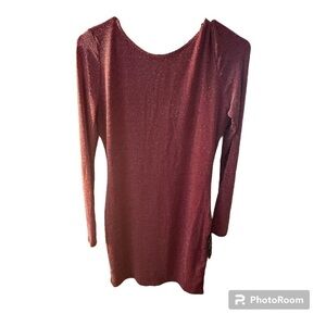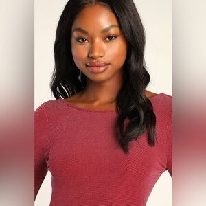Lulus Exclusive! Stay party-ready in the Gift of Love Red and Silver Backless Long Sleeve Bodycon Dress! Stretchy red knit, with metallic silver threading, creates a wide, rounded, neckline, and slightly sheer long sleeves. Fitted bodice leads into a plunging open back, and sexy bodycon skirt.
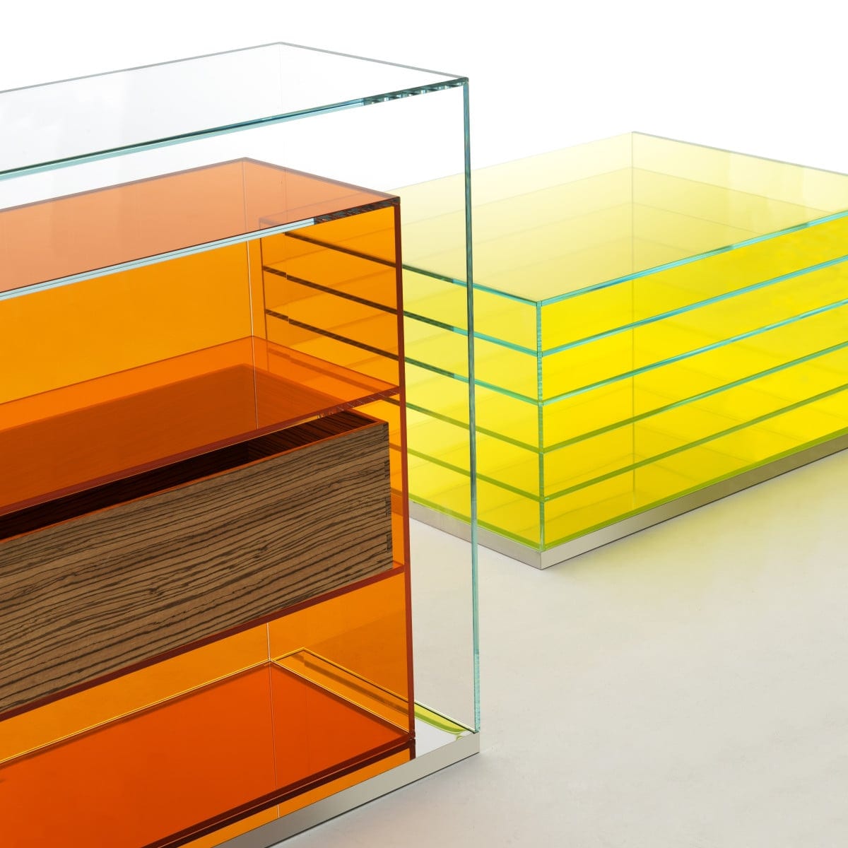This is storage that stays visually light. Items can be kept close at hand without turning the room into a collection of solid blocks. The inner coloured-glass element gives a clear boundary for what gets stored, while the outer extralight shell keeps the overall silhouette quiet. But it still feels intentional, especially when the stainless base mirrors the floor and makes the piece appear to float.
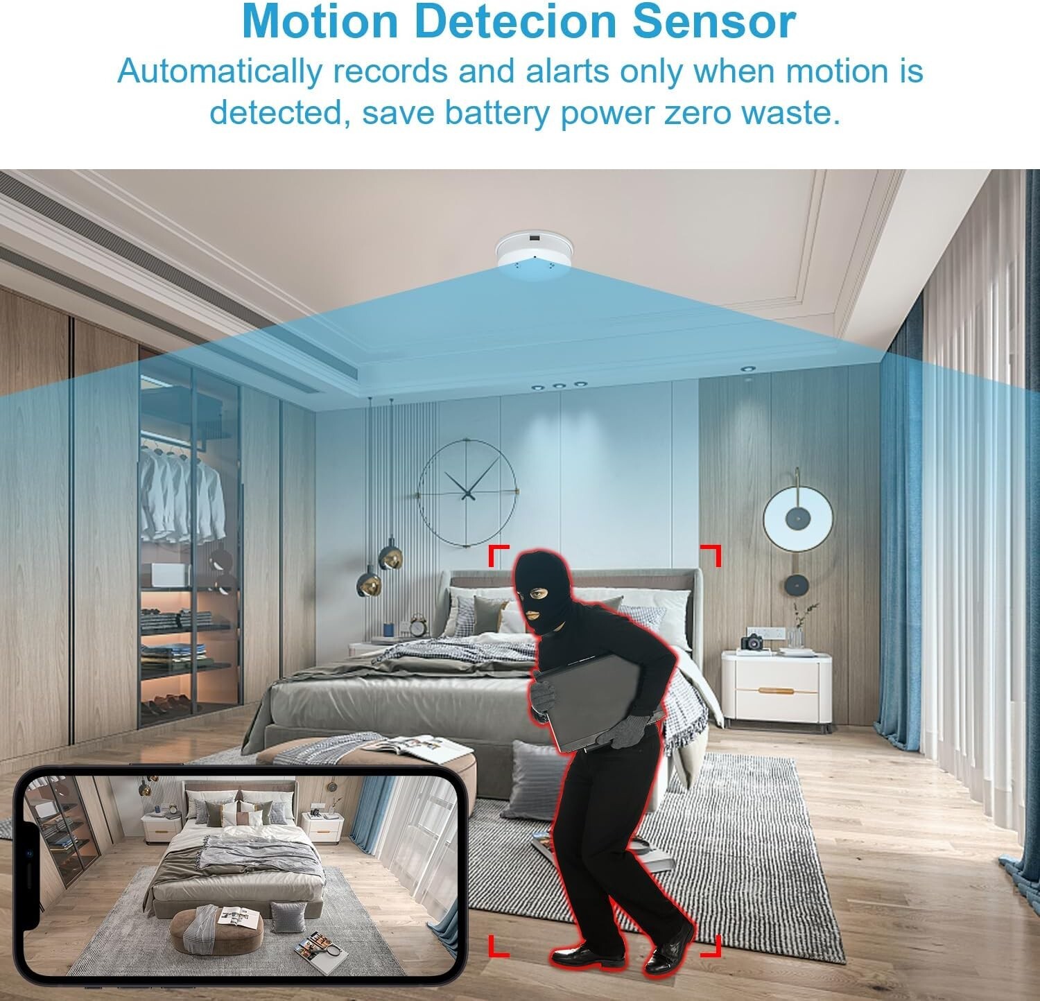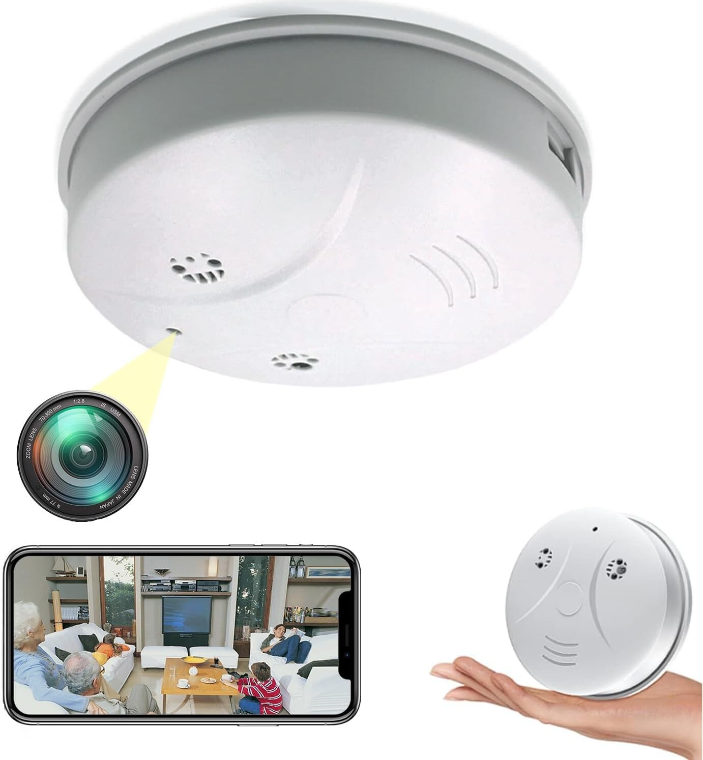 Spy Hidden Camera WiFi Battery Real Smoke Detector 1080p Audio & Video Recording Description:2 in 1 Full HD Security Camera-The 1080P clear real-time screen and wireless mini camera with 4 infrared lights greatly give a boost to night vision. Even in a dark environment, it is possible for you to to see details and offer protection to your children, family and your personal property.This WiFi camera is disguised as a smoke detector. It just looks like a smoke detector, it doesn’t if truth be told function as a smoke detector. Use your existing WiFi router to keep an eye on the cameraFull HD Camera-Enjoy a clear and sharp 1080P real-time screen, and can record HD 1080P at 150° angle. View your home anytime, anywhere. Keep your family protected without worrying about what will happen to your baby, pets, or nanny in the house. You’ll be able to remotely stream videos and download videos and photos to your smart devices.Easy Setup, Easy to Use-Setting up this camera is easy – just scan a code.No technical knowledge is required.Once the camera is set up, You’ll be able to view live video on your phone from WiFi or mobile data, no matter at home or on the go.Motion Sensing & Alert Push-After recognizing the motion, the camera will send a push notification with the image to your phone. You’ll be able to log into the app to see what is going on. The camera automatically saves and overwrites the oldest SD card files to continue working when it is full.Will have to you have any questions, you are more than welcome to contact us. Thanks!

--

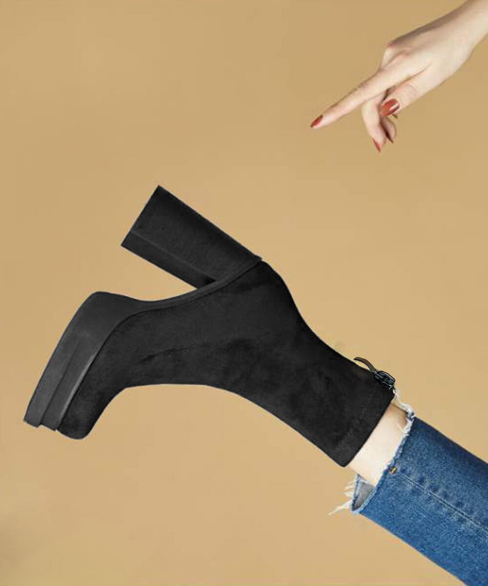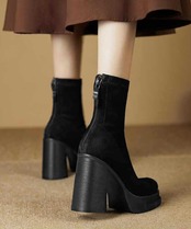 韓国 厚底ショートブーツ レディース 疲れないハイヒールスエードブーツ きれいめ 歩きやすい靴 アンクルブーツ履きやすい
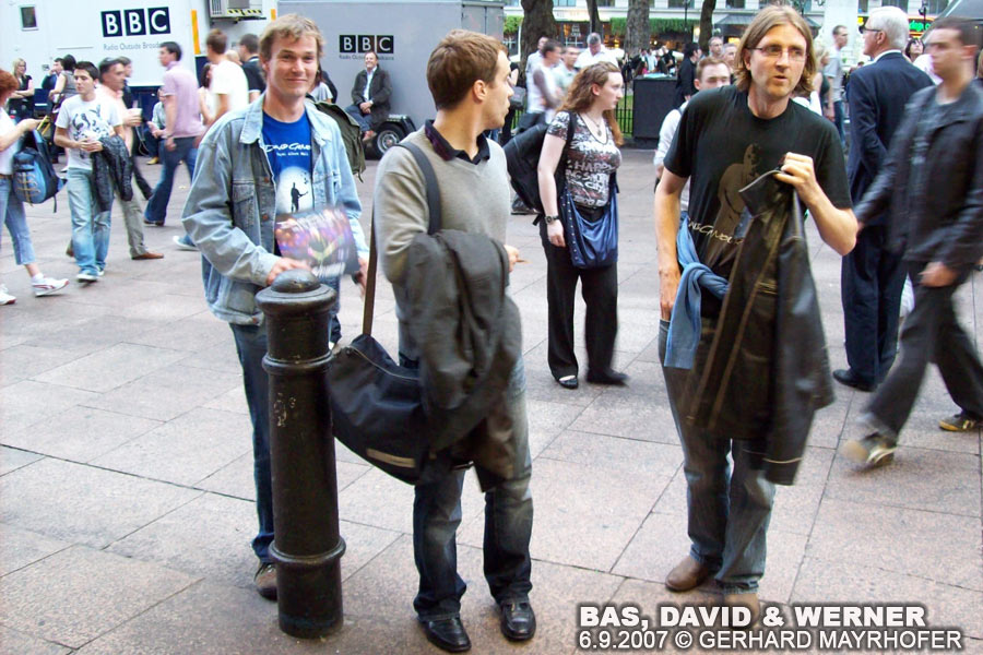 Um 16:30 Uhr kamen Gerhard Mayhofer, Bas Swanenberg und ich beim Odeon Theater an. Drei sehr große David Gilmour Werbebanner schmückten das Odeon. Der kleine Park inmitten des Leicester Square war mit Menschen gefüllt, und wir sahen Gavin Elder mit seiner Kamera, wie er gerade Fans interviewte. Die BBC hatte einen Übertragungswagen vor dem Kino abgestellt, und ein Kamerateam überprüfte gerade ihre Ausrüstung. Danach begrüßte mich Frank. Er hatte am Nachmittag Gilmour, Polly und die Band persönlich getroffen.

> _Exercise goal_: Among the entries above, locate the line with "Lulus Exclusive! Stay" and the line with "This is storage". Give those two lines and all lines between them again, exactly, leaving out the pictures.

> _Solution below_:
Lulus Exclusive! Stay party-ready in the Gift of Love Red and Silver Backless Long Sleeve Bodycon Dress! Stretchy red knit, with metallic silver threading, creates a wide, rounded, neckline, and slightly sheer long sleeves. Fitted bodice leads into a plunging open back, and sexy bodycon skirt.
This is storage that stays visually light. Items can be kept close at hand without turning the room into a collection of solid blocks. The inner coloured-glass element gives a clear boundary for what gets stored, while the outer extralight shell keeps the overall silhouette quiet. But it still feels intentional, especially when the stainless base mirrors the floor and makes the piece appear to float.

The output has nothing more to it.